PRESIDENT Clinton's latest imbroglio may not be scandal lite, but it certainly is scandal quick, first propelled as if by demons and then, slowing down, perhaps to disappear, but probably just resting and gathering strength for another torrent of lurid installments.
Whatever, its tempo is quite different from that of the Watergate affair a generation ago, which, in retrospect anyway, moved at a stately, measured pace, like a minuet. Then, the cadence seemed to be report, White House denial, more reports, more denials and later, House investigations led by the late Rep. Sam Ervin, punctuated and enlivened by such characters as G. Gordon Liddy, John Dean and Martha Mitchell. Hillary Rodham, you may recall, was a junior investigator.

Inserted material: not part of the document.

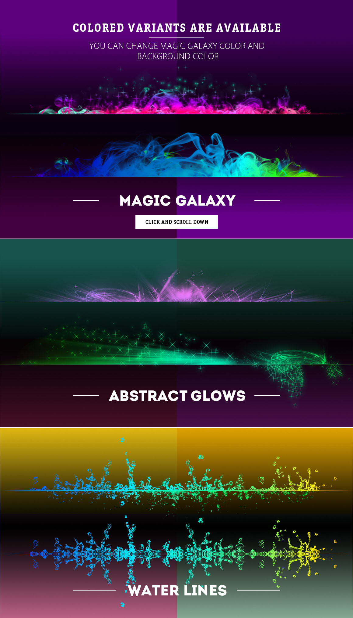 Abstract Glows and water lines are layered .psd files with well named and organized layers. Each layer have different transparent Glow or water imitations, which you can use as independent effect or mix them and create your own one.
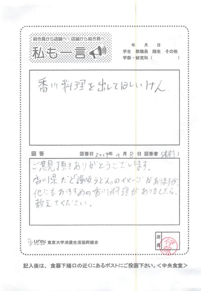 昼利用が多い食堂には安くて量が多く、回転がいいことを求めているが、その反対を行っている。学生のことを考えるつもりがないのか、学食の対抗馬を弱くしたいのか、いずれにせよ生協が取る態度ではない。高級路線の店舗は山上会館の鯛めしやキッチンカーなどで十分補完されている。

It was increasingly complicated and increasingly sad, and because the questions and details were fed to us and discussed over a two-year period, almost understandable.
The cause of the difference in rhythm is technological. Watergate was before computers were on virtually every reporter's desk as well as the engines of composing and printing; it was before the Internet added its amorphous coverage; and it was before cable television littered the airways.
Typewriters, manual typesetting and only three major networks made dispelling the news a slow, almost ponderous, process, allowing more time to double-check facts before reporting stories, allowing more time to think, not just react.
The end result of the high-technological developments has changed reporting, publishing and interpreting the news (with the last the most vital and immediate of all), and makes us feel as if we're on speed. The news spews out, taking on a life of its own, allowing people like Internet gossip Matt Drudge (perfect name) to broaden and hasten the chase. It is technology -- coupled with a parade of talking heads -- at its most compelling, entertaining and destructive, all at once. It is the information age writ fast and dangerous, giving us titillation and immediate assessment in lieu of an orderly dissemination of facts. (Meanwhile, the accused, usually the fastest talker of them all, responds with the speed of the pony express.)
"There is no speed limit on the electronic highway," wrote Nicholas Negroponte in "Being Digital." There is, however, an inherent speed limit in human brains, and we're going to have to learn how to integrate the two if this exciting and increasingly worldwide technology is to work for us.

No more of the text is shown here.